:: What you should do ::
Output exactly the lines that come between the start of the material and the line containing "Международная студенческая научно-практическая", both ends included, with the pictures omitted.

:: Dataset content ::
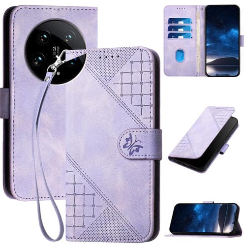 Funda De Cuero Con Tapa Y Cordón Para Xiaomi 14 Ultra Yx0080 Con Diseño De Mariposa En Relieve Y Cuadrícula (Morado Claro)
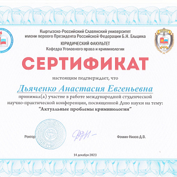 Международная студенческая научно-практическая конференция, посвященная Дню науки на тему: «Актуальные проблемы криминологии»
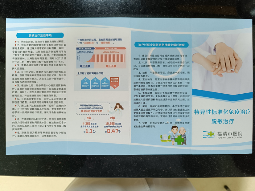 福清市醫(yī)院耳鼻咽喉科變態(tài)反應(yīng)室建于2008年至今已14年,開(kāi)展了舌下免疫治療。在這基礎(chǔ)上,2021年以培育建科的形式成立了“過(guò)敏反應(yīng)中心”,以耳鼻咽喉變態(tài)反應(yīng)、呼吸變態(tài)反應(yīng)、皮膚變態(tài)反應(yīng)、小兒變態(tài)反應(yīng)等多個(gè)亞專業(yè)學(xué)科進(jìn)行聯(lián)合診療。同年被列為“中國(guó)過(guò)敏學(xué)科優(yōu)秀核心團(tuán)隊(duì)建設(shè)單位”,并加入了以中華預(yù)防醫(yī)學(xué)會(huì)過(guò)敏病預(yù)防與控制專業(yè)委員會(huì)為指導(dǎo)單位發(fā)起的“福建省兒童過(guò)敏性疾病專科聯(lián)盟”,是福州市醫(yī)學(xué)會(huì)變態(tài)反應(yīng)學(xué)分會(huì)的掛靠單位。現(xiàn)科室建有獨(dú)立實(shí)驗(yàn)室,配備國(guó)際“金標(biāo)準(zhǔn)”的賽默飛Phadia全自動(dòng)體外過(guò)敏原檢測(cè)系統(tǒng)、皮膚點(diǎn)刺體內(nèi)檢測(cè)、肺功能、心電監(jiān)測(cè)儀、電子鼻-鼻咽喉鏡等先進(jìn)儀器設(shè)備,進(jìn)行標(biāo)準(zhǔn)化特異性免疫治療、室內(nèi)外過(guò)敏原環(huán)境監(jiān)測(cè)等.過(guò)敏反應(yīng)中心開(kāi)展的皮下特異性免疫治療(即脫敏治療)是世界衛(wèi)生組織認(rèn)可的唯一可能改變過(guò)敏性疾病自然進(jìn)程的對(duì)因治療方法,這種療法還能預(yù)防新發(fā)的過(guò)敏原,對(duì)于兒童而言還可以預(yù)防過(guò)敏性鼻炎進(jìn)展為過(guò)敏性哮喘,是廣大過(guò)敏性疾病患者的福音。
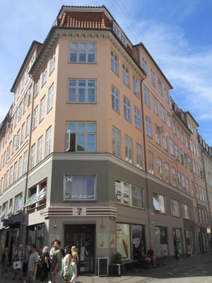Pilestræde 37, Protected building at the corner of Pilestræde and Kronprinsensgade, Copenhagen, Denmark.
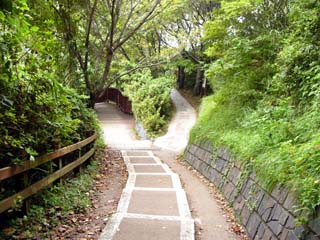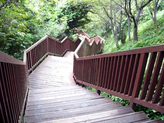 | 2009/9/12(11:32) 「恋人岬<金の鐘>」から「恋人岬<愛の鐘>」 までは、この「木の道」が続く |

:: Solved exercise ::
 Funda De Cuero Con Tapa Y Cordón Para Xiaomi 14 Ultra Yx0080 Con Diseño De Mariposa En Relieve Y Cuadrícula (Morado Claro)
 Международная студенческая научно-практическая конференция, посвященная Дню науки на тему: «Актуальные проблемы криминологии»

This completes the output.